According to international human rights group, Walk Free, modern slavery is defined as situations of exploitation in which a person cannot refuse or leave because of threats, violence, coercion, deception or abuse of power.
From forced labour to illegal overtime, wage theft and more, labour exploitation can occur frequently in the garment industry due to these supply chains often operating in locations where laws protecting workers’ human rights are non-existent or not enforced.
At Uniformity, we work proactively to identify, assess and address the risks of modern slavery practices in our operations. We do this by conducting supplier self-assessment questionaries to gauge their level of compliance and ensure they continually meet the in-depth set of criteria outlined in our Modern Slavery Statement (you can read that in full here).
But beyond this, it’s incredibly important to our business that each and every supplier we engage, demonstrates genuine commitment and meaningful action against modern slavery.
And so, when assessing supplier partnerships, both new and existing, we ask that they can talk to their modern slavery policy rather than merely providing it as a “tick-box” exercise in statutory compliance. We do not want to work with suppliers who only appear to be upholding strong ethical standards, but in reality, do not take any practical action to eradicate the underlying risk and exploitation in their own supply chains.

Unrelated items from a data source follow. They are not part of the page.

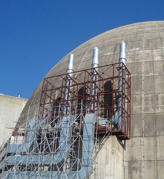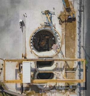 lecho del Río de La Plata. El diseño prevé 10.50 km de conducción y 1.50 km de difusión, con 37 risers los cuales, en etapa de operación, permitirán evacuar hasta 27 m3/ seg. Esta obra forma parte del proyecto Sistema Riachuelo, en el marco del saneamiento de la cuenca MatanzaRiachuelo. La construcción del conducto se ejecuta con una tuneladora tipo TBM-EPB de doble blindaje, en un ambiente de excavación de arena a 5 bares de presión en el frente. La obra incluye la construcción de una cámara de carga de cuatro lóbulos, con un diámetro de 16 m cada uno, que en la etapa de excavación oficia de pozo de ataque. Para la ejecución de los muros de esta cámara se utilizó la técnica de hidrofresado, llegando a una profundidad de fundación de 50 m medida desde terreno natural. Para la construcción de los raisers, se ha previsto una solución innovadora consistente en excavar los mismos desde dentro del conducto hacia el lecho del río, mediante un cabezal de hidrodemolición que arrastra un tubo de acero inoxidable de 70 cm de diámetro. El proyecto prevé emplear 100.000 m3 de hormigón, 10.000 tn de acero y 3.6 millones de horas hombre”.
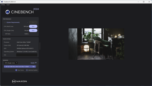 結果はMulti Coreが1874pts、Single Coreが134ptsだった。試用機材のCPUはCore Ultra 7 265KのGPU機能を省いたCore Ultra 7 265KF。Core Ultra 7 265Kの過去データを見てみると、Single Coreはほぼ同じだが、Multi Coreは2000ptsを超えているものもあるため、若干見劣りする。
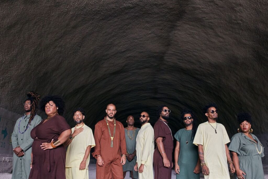 Moreira – Vocês me lembram muito o Yoùn, sabiam? Primeiro, pelo nome, pois Yoùn é uma palavra da língua crioula que significa “um só” e também é uma forma de olhar para o outro. O canto deles também e fruto de vivência em Igreja, aonde despertaram essa questão dos arranjos de vozes e da musicalidade. Isso é um baita elogio, pois o Yoùn é gigante demais, sou muito fã, e a entrevista deles foi uma das mais generosas da página. Como a vivência na Igreja influenciou a trajetória de vocês? E esse conceito de irmandade é muito importante também na história que vocês contam. E o título do disco remete à escola comunitária na qual vocês estudaram na infância, chamada Pedras Vivas…Como essas lembranças entraram na história?
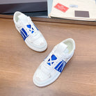 VL7N LOW-TOP WHITE CALFSKIN AND COBALT BLUE FABRIC SNEAKER WITH BANDS
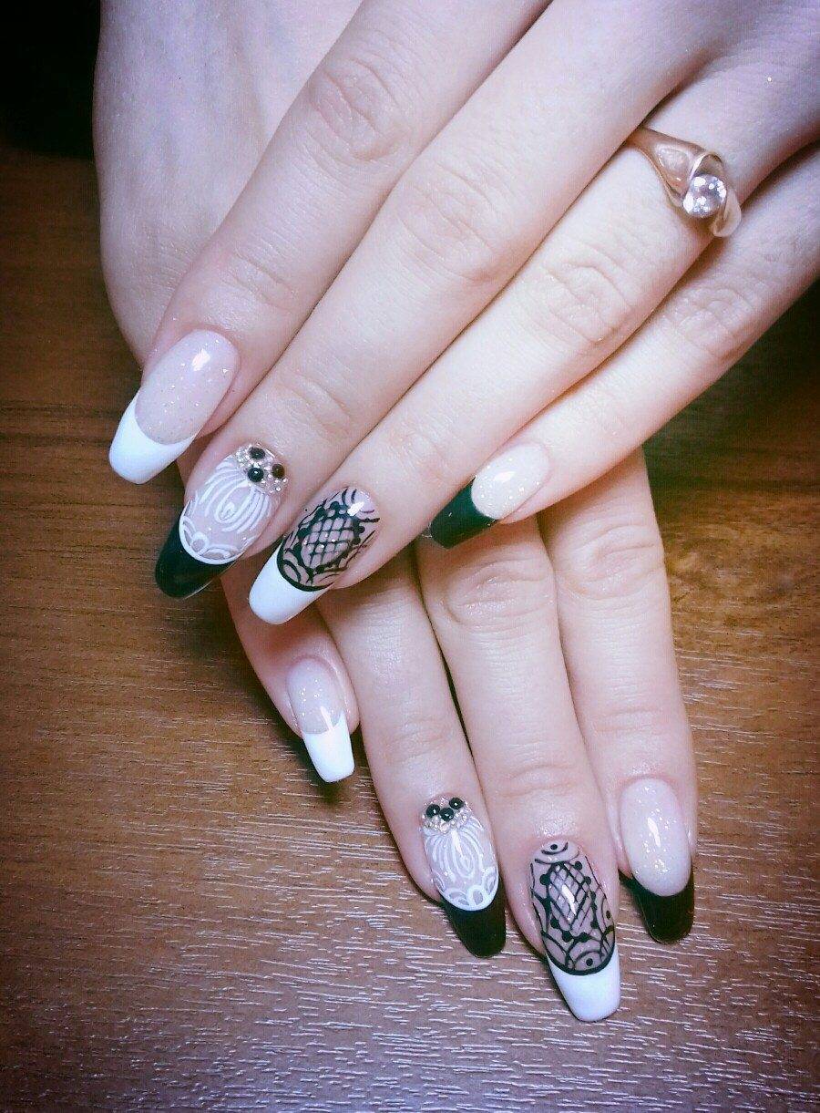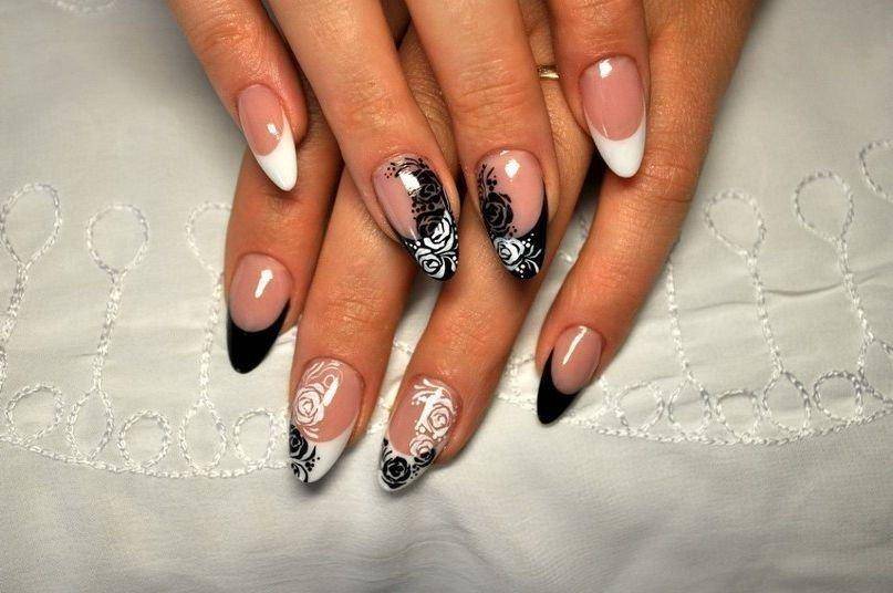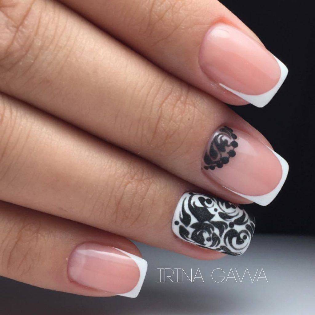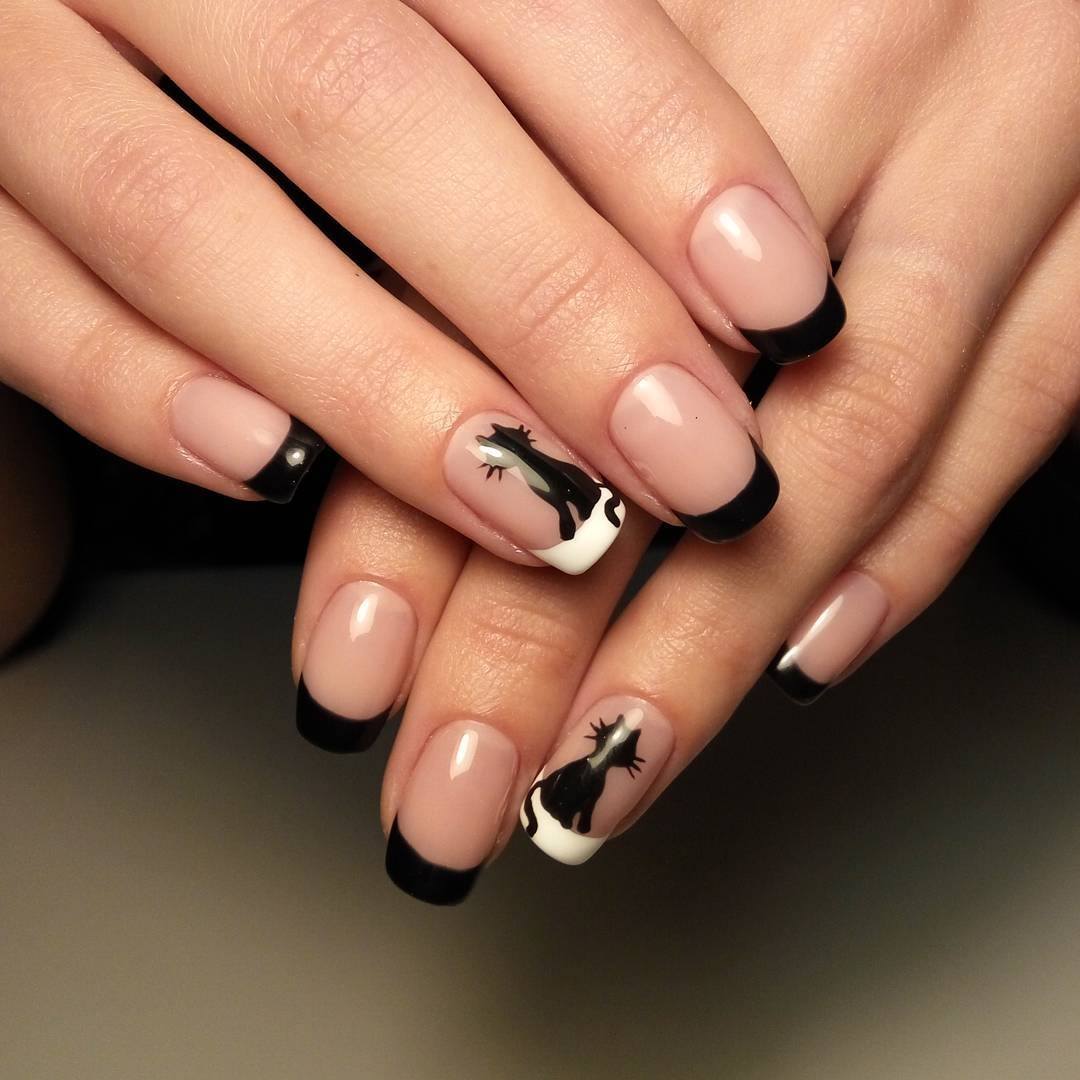 Данный маникюр можно смело использовать для мероприятия любой тематики, а также повседневного дизайна ногтей. Он смотрится достаточно скромно, строго и сдержанно. Если хочется разбавить умеренный черно-белый френч, можно использовать множество методов, но самый привлекательный и шикарный из них – это рисунок
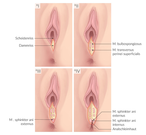 ⇒ Patientinnen sollen über Verletzungsausmass, Nachsorge und mögliche Spätfolgen wie verzögert auftretende Inkontinenz aufgeklärt werden.
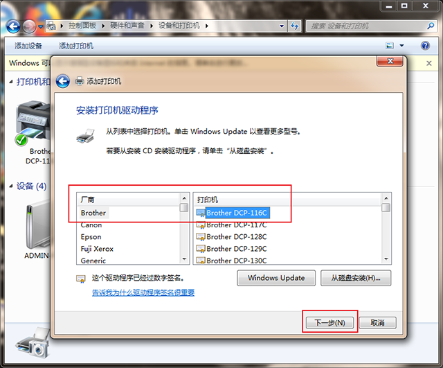 第三步:查看说明书或者打印机上面的【厂商和打印机型号】,在这个窗口里面选择好对应的品牌和打印机的型号,就可以继续下一步。
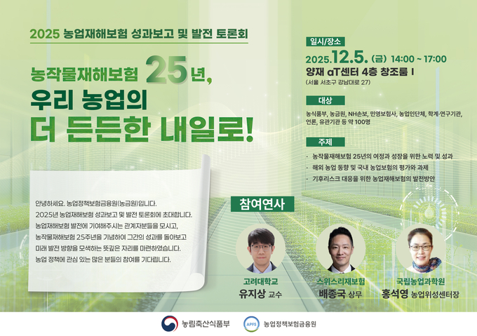 농업정책보험금융원(원장 서해동, 이하 농금원)은 오는 12.5.(금) 오후 2시, 서울 양재동 aT센터에서 「2025년 농업재해보험 성과보고 및 발전 토론회」를 개최한다. 이번 행사는 농작물재해보험 도입 25주년을 맞아 제도의 성과를 돌아보고, 급격히 변화하는 기후 환경 속에서 농업재해보험의 지속가능한 발전 방향을 모색하기 위해 마련됐다.

A clear indication as to whether a business is taking concrete action to combat modern slavery is their clear refusal to manufacture in any countries identified as high risk by Walk Free’s Global Slavery Index.
The Global Slavery Index is an internationally recognised source that examines not only locations where modern slavery is perpetrated, but also where those products of crime are then sold and consumed and subsequently, what further actions governments are taking to respond. It is an incredibly detailed data set that should be referenced and utilised by not only businesses, but consumers as well.
Despite the complexity of garment supply chains, as brands and individuals we all play a crucial role in advocating for the human rights of all workers and in turn helping end further examples of modern slavery.